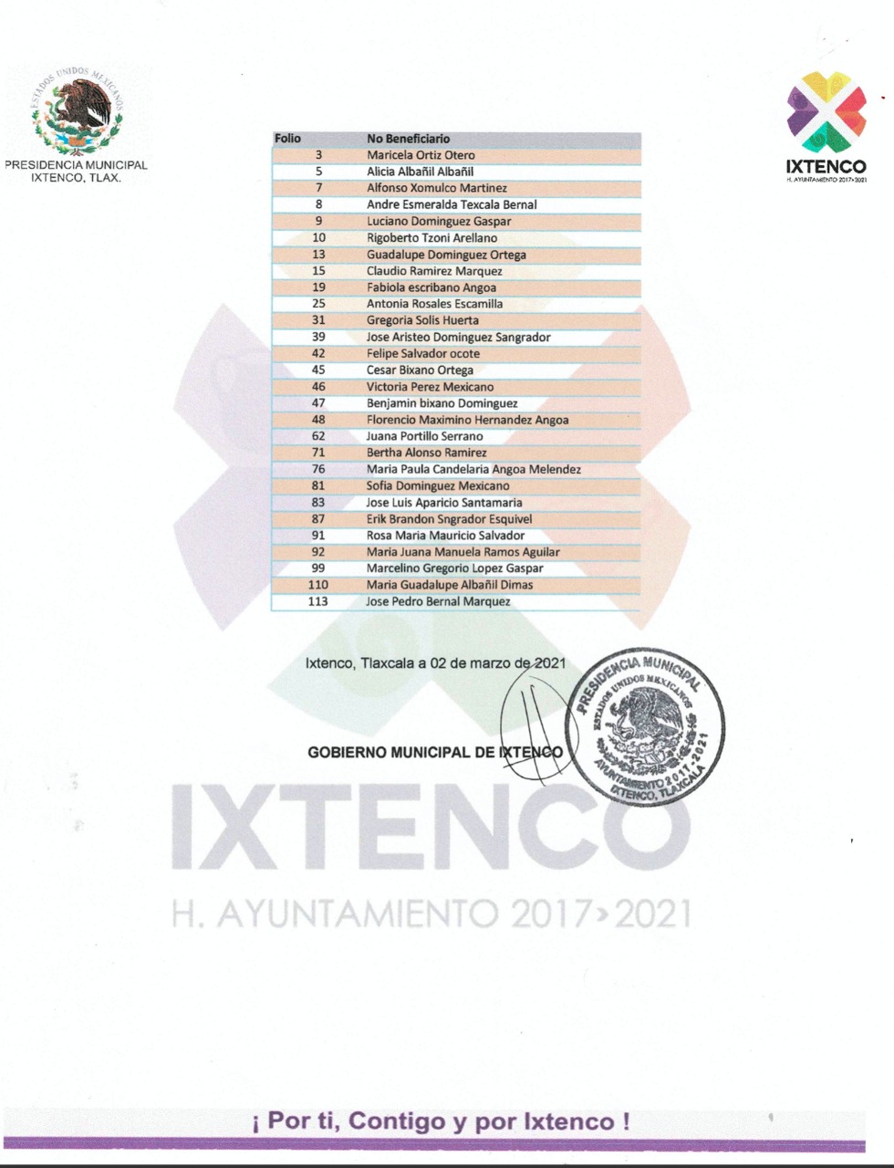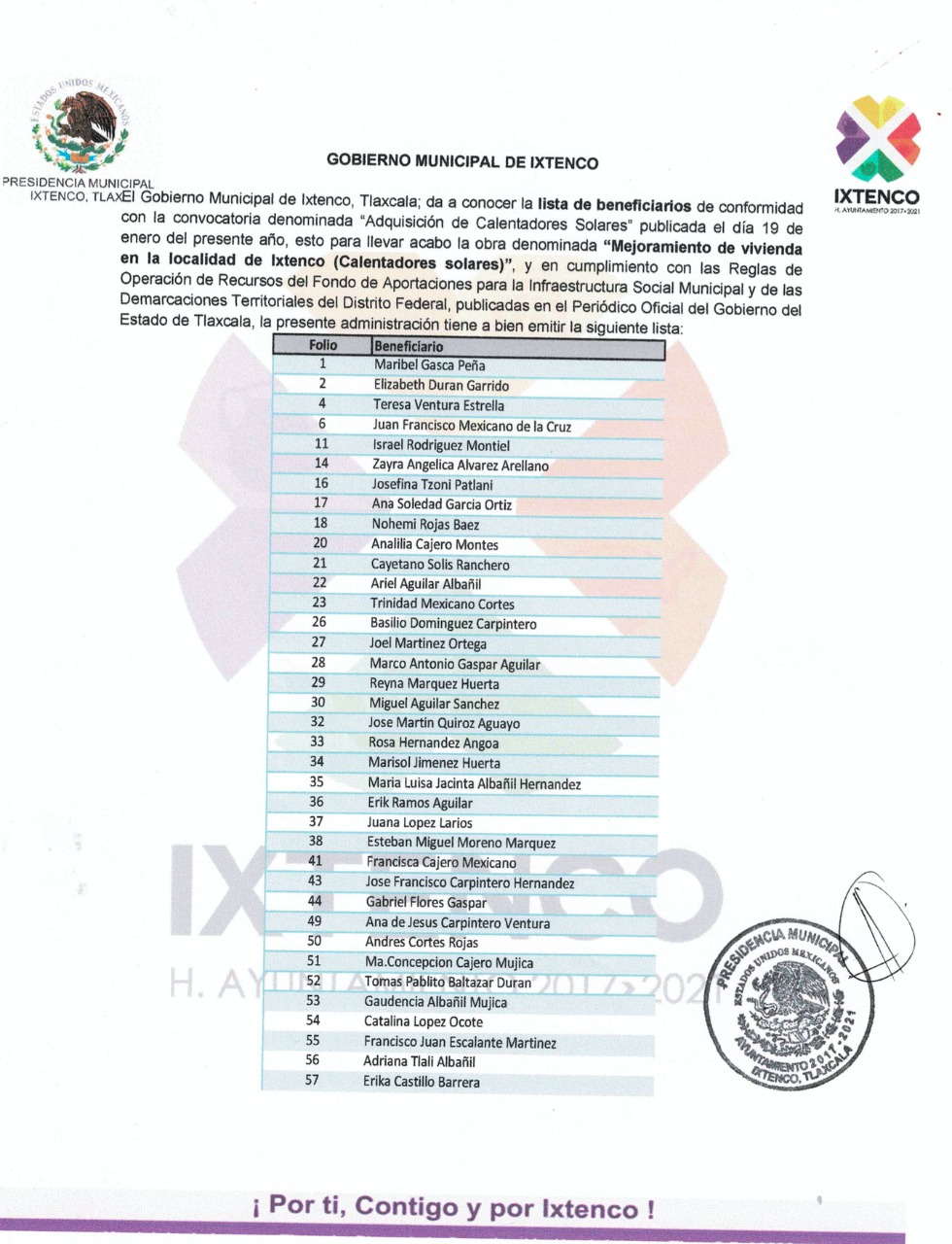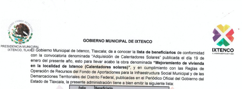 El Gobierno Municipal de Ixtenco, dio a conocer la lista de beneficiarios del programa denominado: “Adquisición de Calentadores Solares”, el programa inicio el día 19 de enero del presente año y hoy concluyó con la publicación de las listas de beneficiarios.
=-=-=
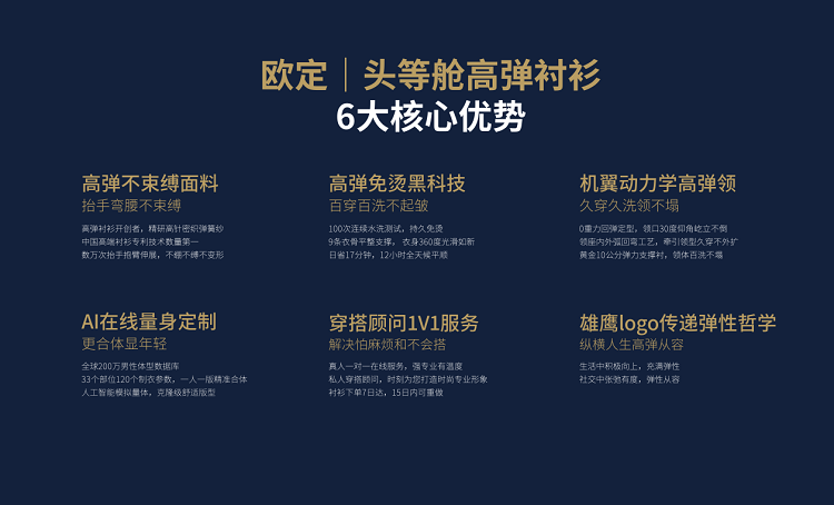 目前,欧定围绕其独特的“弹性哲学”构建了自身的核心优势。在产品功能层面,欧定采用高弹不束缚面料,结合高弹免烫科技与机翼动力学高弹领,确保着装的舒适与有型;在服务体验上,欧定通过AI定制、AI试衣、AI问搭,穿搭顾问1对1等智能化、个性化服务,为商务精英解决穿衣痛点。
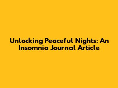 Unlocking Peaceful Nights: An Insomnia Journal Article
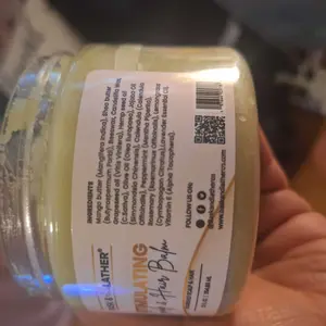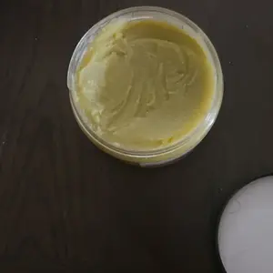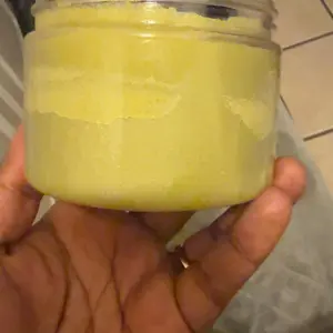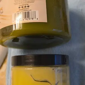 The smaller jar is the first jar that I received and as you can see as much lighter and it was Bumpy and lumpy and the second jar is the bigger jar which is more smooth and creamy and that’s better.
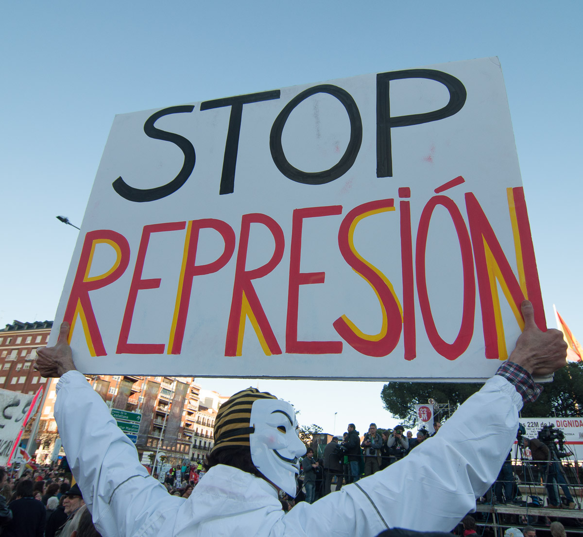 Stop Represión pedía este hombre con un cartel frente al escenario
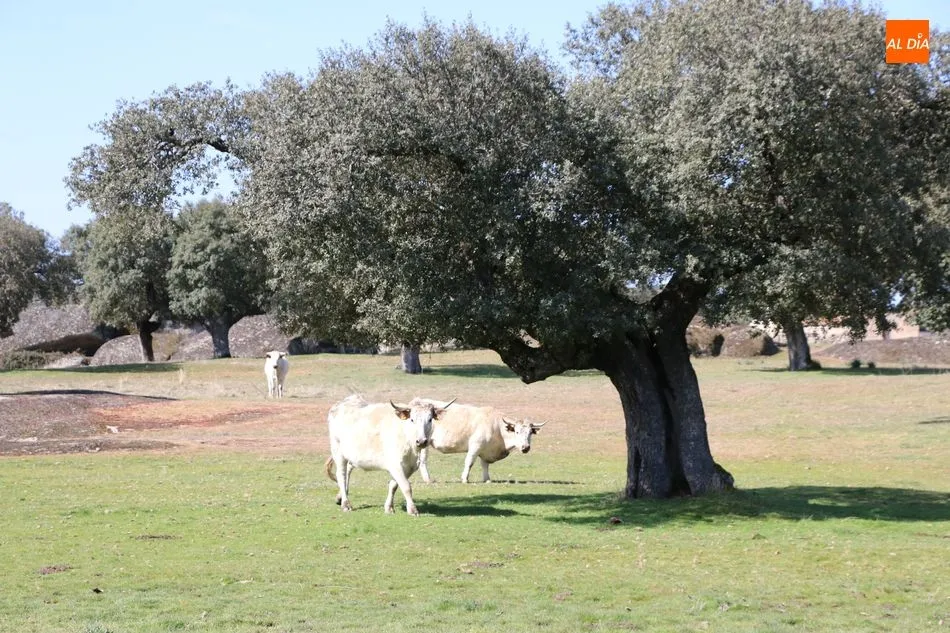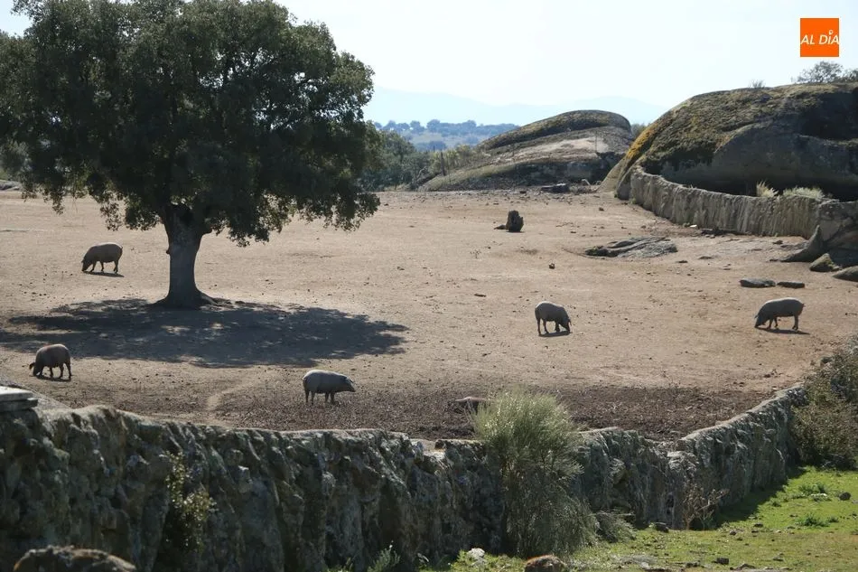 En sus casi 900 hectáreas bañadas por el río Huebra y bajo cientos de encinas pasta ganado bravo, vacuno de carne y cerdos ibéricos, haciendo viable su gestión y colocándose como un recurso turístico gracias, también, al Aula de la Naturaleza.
=-=-=
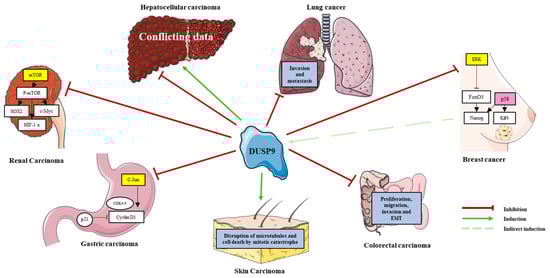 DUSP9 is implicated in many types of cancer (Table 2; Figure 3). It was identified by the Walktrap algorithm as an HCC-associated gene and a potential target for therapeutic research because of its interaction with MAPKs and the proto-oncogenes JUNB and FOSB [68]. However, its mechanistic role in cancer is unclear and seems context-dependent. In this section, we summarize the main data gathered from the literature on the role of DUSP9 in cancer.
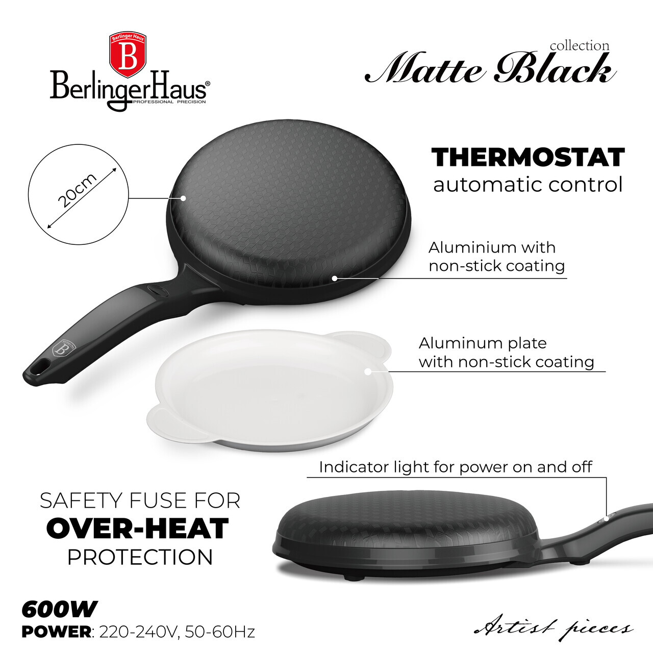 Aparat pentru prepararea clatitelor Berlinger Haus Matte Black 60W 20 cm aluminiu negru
=-=-=
**Exercise brief**.
Each line above from the one containing "Unlocking Peaceful Nights: An" through the one containing "En sus casi" is to be returned verbatim. Nothing else, and no pictures.

**Task response**.
 Unlocking Peaceful Nights: An Insomnia Journal Article
 The smaller jar is the first jar that I received and as you can see as much lighter and it was Bumpy and lumpy and the second jar is the bigger jar which is more smooth and creamy and that’s better.
 Stop Represión pedía este hombre con un cartel frente al escenario
 En sus casi 900 hectáreas bañadas por el río Huebra y bajo cientos de encinas pasta ganado bravo, vacuno de carne y cerdos ibéricos, haciendo viable su gestión y colocándose como un recurso turístico gracias, también, al Aula de la Naturaleza.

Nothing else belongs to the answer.